Она решила идти до конца, доказав Алессандро, что не только венецианцы могут быть умные.
– Люблю Сенеку старшего. Но это не значит, что всё подряд. Из наук привлекает история, взаимоотношение людей, медицина, грамота и поэзия. Из философии – ненавижу всеми любимого Платона. Особенно его Пятую Книгу Государства.
Её живой, не загроможденный ум увлек Тарроса. У неё были свои свежие взгляды на общепринятые вещи, и он давно это заметил.
– И что же тебя так разозлило в Платоне? – спросил Таррос.
– В Пятой Книге Государства есть понятие «Общность жен и детей» для таких как Вы, командир. – она показала на Тарроса бровями. Ее мужская нахальность поражала Алессандро.
Таррос улыбнулся.
– Прости, я чуть-чуть подзабыл, о чём там шла речь… Напомни, пожалуйста? – сконфуженно попросил Таррос.
– Он говорит, что из мужчин и женщин, которым присуща природная черта стражников, то есть вкус войны, будут выбираться лучшие. Их будут обучать гимнастике телесной и развивать умственно. Они будут жить обобщенно, и из их потомства будут отбираться только сильнейшие. Остальных забракуют, лишат жизни.
– А ты читала, каким образом они должны будут заниматься гимнастикой? – издевательски спросил Алессандро.
– Это отдельный вопрос. Платон кидается от одной безумной крайности к другой.
– Ты перебил её. – грубо сказал Таррос. – Продолжай. – он поменял тон.
– Так вот. Эти бедные «избранные» по его идее не должны были иметь дом, семью, детей. У них все будет общим. Общие жены… Общие мужья… В идеале – никто даже не будет знать, кто его отец. И сразу же он впадает в противоречие со своим больным замыслом – им будут запрещать родственное кровосмешение. А кто даст гарантию, что, когда тебе 55 лет, и пришла новая общая, извините за выражение «жена» 20 лет от роду – что она не твоя дочь, или даже более того, внучка? – ее красивое лицо было преисполнено брезгливого негодования.

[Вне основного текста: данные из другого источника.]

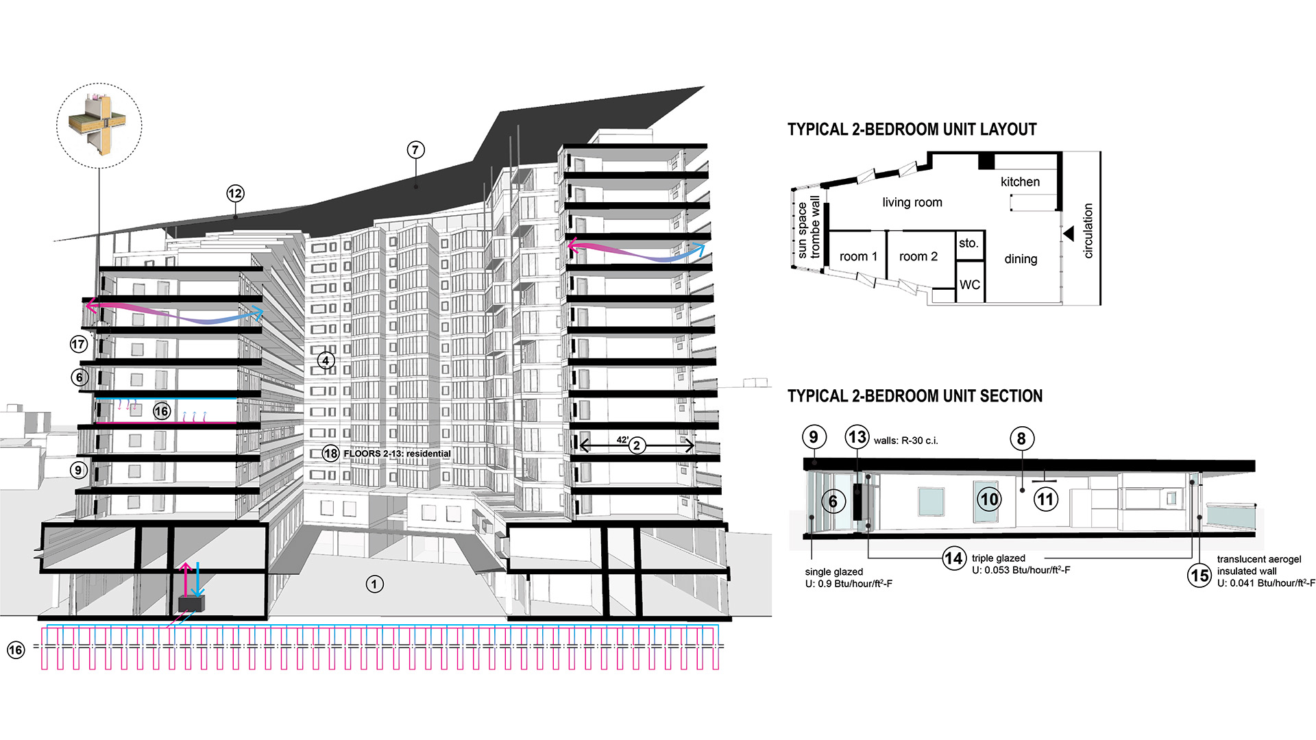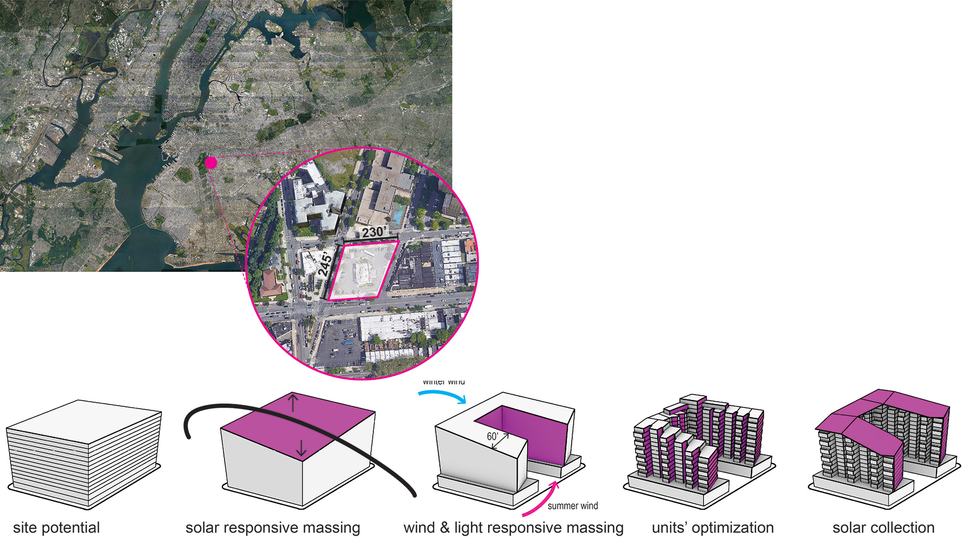 A 300,000 sf, 15-story mixed-use building in New York City contains retail space, residential space, and a full-service restaurant. The design team followed a tiered design process, initially informed by a parametric design single-space study and later developed using a higher-quality, hands-on iteration process for architectural, envelope and systems design. Given the increasing complexity of the project, a combination of analysis tools was used. All decisions were based on environmental performance analysis at every step.

– Ты права. – согласился Таррос. – Вопреки мнению почитателей Платона. А их – большинство.
– Вообще меня поражает одна вещь, – продолжила вошедшая в раж Эрис, – кто дал право некоторым законописцам, считающим себя умными людьми, избранными мыслителями, вершить судьбы народов? Не забываем, что эти небожители тоже ходят по нужде, спят и едят.
– Как говорится, никто не живёт воздухом. – Алессандро рассмеялся. Таррос же наоборот оставался крайне серьезным, внимательно слушая такую неожиданную Эрис.
– Никто не дал им такое право. – согласился командир.
– А насчет гимнастики: раздетые мужчины и женщины у Платона занимаются вместе и он писал, – она пронзительно и хмуро посмотрела на Алессандро. – что, цитирую: "тот, кто смеется над голым телом, не познал высшей духовности." Он сказал – пусть они наблюдают и смеются. Его что, подкупили морально низкие люди?
– Одним из них был Алессандро. – колко отметил Таррос.
– Да, я не против. Ничтожной расплатой за прекрасное ежедневное зрелище было бы клеймо глупца.
– Выйди уже, а? – презрительно попросил Таррос.
– Всё-всё. – он зажестикулировал руками.
– Я не пойму, командир, почему этот культ избранных аристократов так распространен? Они не дают нам развиваться, мы будем пахать на них. Я не обозленная, я ни к кому никогда не питаю зла. Я просто удивлена, что находящиеся на их содержании задумные мозги в лице главматки – сомнительных философов, я не про всех, конечно, находят последователей во все времена. Почему так? – Эрис пожала плечами.
– Меня тоже в свое время поразило что Платон ставил в пример людям собак и жеребцов. Коневодство сопряжал с размножением человека. – поделился мнением Таррос.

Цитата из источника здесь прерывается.